If I understand you correctly we'd want to split it in 2 phases then:

Add option to push the timeout event with 2 extra configurations. Firstly enable it, and second provide (optional) code that can modify the previously created event.
Timeout tracking as I described above (with timestamps being grouped by a key etc).

I agree with you. I think the first option is most useful. The second is quite close to my usecase and maybe not as useful to others.

One other thing: What do you think about having an option that checks timeout on each event? By default events can only time out after 5 seconds. My usecase (though triggered by reparsing old data) needed a much more agressive timeout behaviour.

Lastly, sorry I haven't gotten around to rebasing or coding anything yet :/ I hope I will get to it this week.

Thanks!

pandaadb · 2016-07-18T15:19:03Z

Hi,

so I have started work on this.

I did the following:

I tagged my branch as it was. Then I created an actual branch and committed it (so i don't lose my changes)

Then I rolled back to the point for event generation (without all the extra stuff of the time tracking based on file keys etc). So now I am doing the rebase and committing. Once I have merged succesfully I will make the changes so they match the properties that we discussed.

Once I rebase I assume I get your changes as well? (Push map as event)

Thanks,

Artur

fbaligand · 2016-07-18T17:50:44Z

So yes, you understand correctly :)
Don't forget to add new option "timeout_task_id_field" and "last_modified" property
OK to add option "flush_on_all_events" (with false as a default value)
Yes, rebase will get the last changes in "logstash-plugins/master" branch. It is precisely the goal : get the last changes since your fork, and then apply your commits.
After reading one more time, I still don't understand your new option "Track times based on an external key". Can you give some concrete example to explain ?

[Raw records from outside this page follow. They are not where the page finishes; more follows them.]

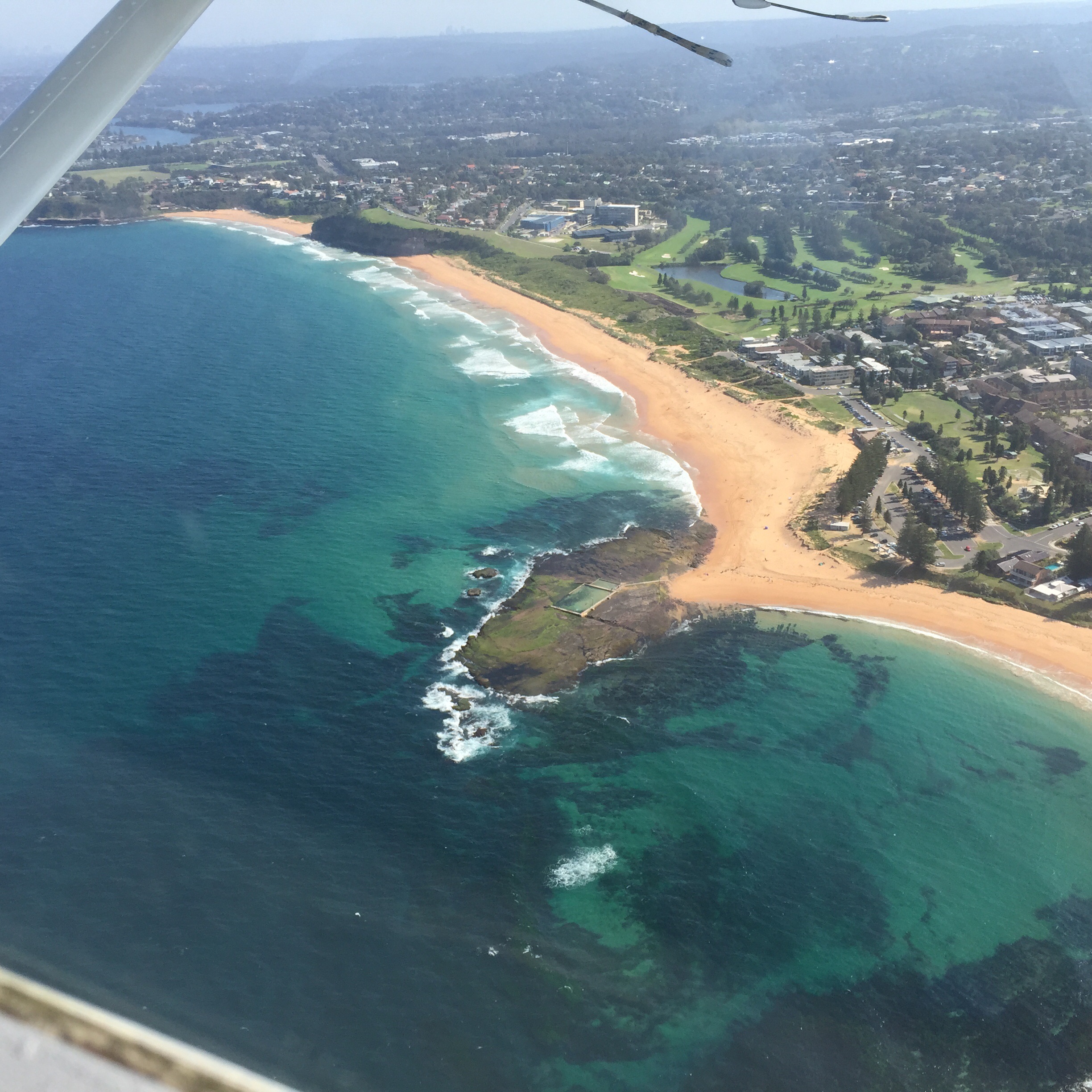On the return journey we dropped lower and saw more clearly all the boats moored in the inlets and more beaches came into view . What was nice was the fact that we flew over a number of the coastal walks we had made over to Manly, at Curl Curl (where Wendy and Sarah live) and of course Collaroy.
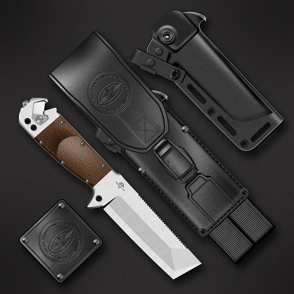 The Preik Duty series is designed for police, security, and outdoor operations. It excels in breaching, window breaking, cutting seatbelts, clearing paths, camouflage, and wilderness survival. Every feature has been tested in real—world scenarios and extreme conditions. Whether on patrol, in rescue operations, or exploring the outdoors, it is a dependable companion. Every aspect of the blade, handle, and sheath is rigorously verified for reliability. Florian’s knives are not theoretical—they are professional tools honed in action.
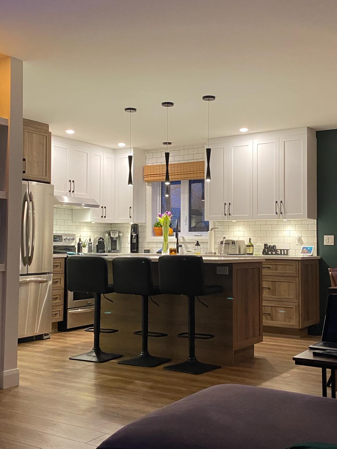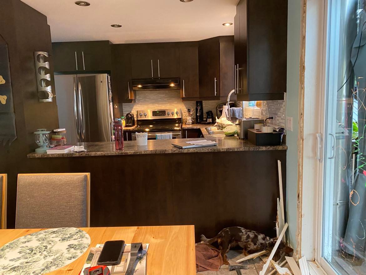 Cette rénovation complète de cuisine nous a permis de réaménager l’espace pour en maximiser l’utilisation et d’y ajouter un bel ilot!
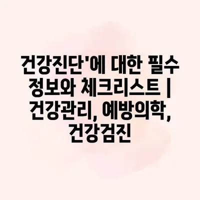 건강진단은 건강관리의 중요한 첫 걸음입니다. 정기적으로 받는 건강검진은 조기 질병 발견과 예방을 위한 필수 과정입니다. 이번 글에서는 건강진단에 대한 기본 정보와 함께 실천할 수 있는… 더 보기 »건강진단’에 대한 필수 정보와 체크리스트 | 건강관리, 예방의학, 건강검진

pandaadb · 2016-07-19T09:05:58Z

Hi,

One question from my side, I don't know what this code of yours does:

if (@push_previous_map_as_event and !@@aggregate_maps.empty?)
          previous_map = @@aggregate_maps.shift[1].map
          event_to_yield = LogStash::Event.new(previous_map)

If you could elaborate on that (it almost looks like the flush-on-all-events).

The track times based on external key works like this:

Scenario: You are reparsing 1 months worth of data. The input plugin guarantees that (if single threaded) 1 file comes in in the read order, so:

T1 XYZ
T2 XYZ
...

Where T1 < T2 and so on. So this will work ok since T1 always < T2 and the timeout does not occur.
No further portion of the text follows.